The Global Interpreter Lock (GIL) is a mechanism used in CPython, the standard implementation of the Python programming language, to synchronize access to Python objects, preventing multiple native threads from executing Python bytecodes at once. This lock is necessary primarily because CPython’s memory management is not thread-safe.

Thread safety refers to the ability of a program or a piece of code to behave correctly when accessed by multiple threads. Achieving thread safety is crucial in multithreaded environments where threads share the same memory space and resources. The challenges in ensuring thread safety include preventing race conditions, deadlocks, and other concurrency-related issues.

The GIL impacts the execution of threads in Python by allowing only one thread to execute Python bytecodes at a time. This means that for CPU-bound threads (those that spend most of their time performing computations), the GIL can significantly limit the benefits of multithreading because it effectively serializes the execution of these threads. However, for I/O-bound threads (those that spend most of their time waiting on I/O operations like reading from a file or network), the GIL is released during the I/O operation, allowing other threads to run.

Despite its role in simplifying certain aspects of Python’s threading implementation, the GIL does not make Python code thread-safe. The GIL is released during certain operations like I/O, and even when it is held, operations that appear atomic can still be interrupted. For example, incrementing a counter (x += 1) is not atomic; it involves reading the current value, incrementing it, and writing it back; that might then also cause code to run due to properties and all this might change as code evolves. If multiple threads are doing this concurrently, the GIL might be released between these steps, or the thread might be interrupted, leading to a race condition.

Here’s an example that demonstrates how the GIL does not prevent race conditions:

import threading

class Counter:
    """Contains a reference to a counted value"""
    def __init__(self) -> None:
        self._counted = 0

    @property
    def counted(self) -> int:
        return self._counted

    @counted.setter
    def counted(self, value: int) -> None:
        self._counted = value

def increment_counter(counter: Counter, num_times: int, barrier: threading.Barrier) -> None:
    """Increments the counter 'num_times' times after waiting on the barrier."""
    barrier.wait()
    for _ in range(num_times):
        counter.counted += 1

def main() -> None:
    """Runs multiple threads to increment a counter and checks for correctness."""

    num_threads = 10
    num_increments = 50000
    iterations = 0
    while True:
        counter = Counter()
        barrier = threading.Barrier(num_threads)

        threads = []
        for _ in range(num_threads):
            thread = threading.Thread(target=increment_counter, args=(counter, num_increments, barrier))
            threads.append(thread)
            thread.start()

        for thread in threads:
            thread.join()

        expected = num_threads * num_increments
        print(f"{iterations}-> Expected: {expected} Actual: {counter.counted}", flush=True)
        if counter.counted != expected:
            return
        iterations += 1

if __name__ == "__main__":
    main()

Running this code, you’ll likely find that the actual count is less than the expected count due to the race condition in incrementing the counter. Different values for num_increments may or may not trigger this behaviour. Similarly, running the code on different machines may impact results. So, code might work as though it is thread safe with the GIL but in relality there is no guarantee; code which works today might suddenly break tomorrow.

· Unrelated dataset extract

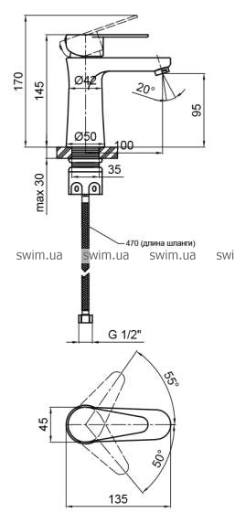 - Комплектация Смеситель, гибкая подводка, крепежи.

To achieve thread safety in Python, developers must use synchronization primitives like locks (threading.Lock), queues (queue.Queue), or other concurrency control mechanisms. For example, using a lock to protect the counter increment operation:

import threading

class Counter:
    """Contains a reference to a counted value"""
    def __init__(self) -> None:
        self._counted = 0

    @property
    def counted(self) -> int:
        return self._counted

    @counted.setter
    def counted(self, value: int) -> None:
        self._counted = value

def increment_counter(counter: Counter, num_times: int, barrier: threading.Barrier, lock: threading.Lock) -> None:
    """Increments the counter 'num_times' times after waiting on the barrier."""
    barrier.wait()
    for _ in range(num_times):
        # Putting the lock around the entire loop is more efficient.
        # Putting it here is a clearer demonstration of the concept.
        with lock:
            counter.counted += 1

def main() -> None:
    """Runs multiple threads to increment a counter and checks for correctness."""

    num_threads = 10
    num_increments = 50000
    iterations = 0
    lock = threading.Lock()
    while True:
        counter = Counter()
        barrier = threading.Barrier(num_threads)

        threads = []
        for _ in range(num_threads):
            thread = threading.Thread(target=increment_counter, args=(counter, num_increments, barrier, lock))
            threads.append(thread)
            thread.start()

        for thread in threads:
            thread.join()

        expected = num_threads * num_increments
        print(f"{iterations}-> Expected: {expected} Actual: {counter.counted}", flush=True)
        if counter.counted != expected:
            return
        iterations += 1

if __name__ == "__main__":
    main()

This version of the code ensures that the counter is incremented correctly, even with multiple threads.

SO, while the GIL simplifies certain aspects of Python’s threading by preventing multiple threads from executing Python bytecodes simultaneously, it does not make Python code inherently thread-safe. Developers must still use proper synchronisation techniques to protect shared resources and prevent concurrency-related issues.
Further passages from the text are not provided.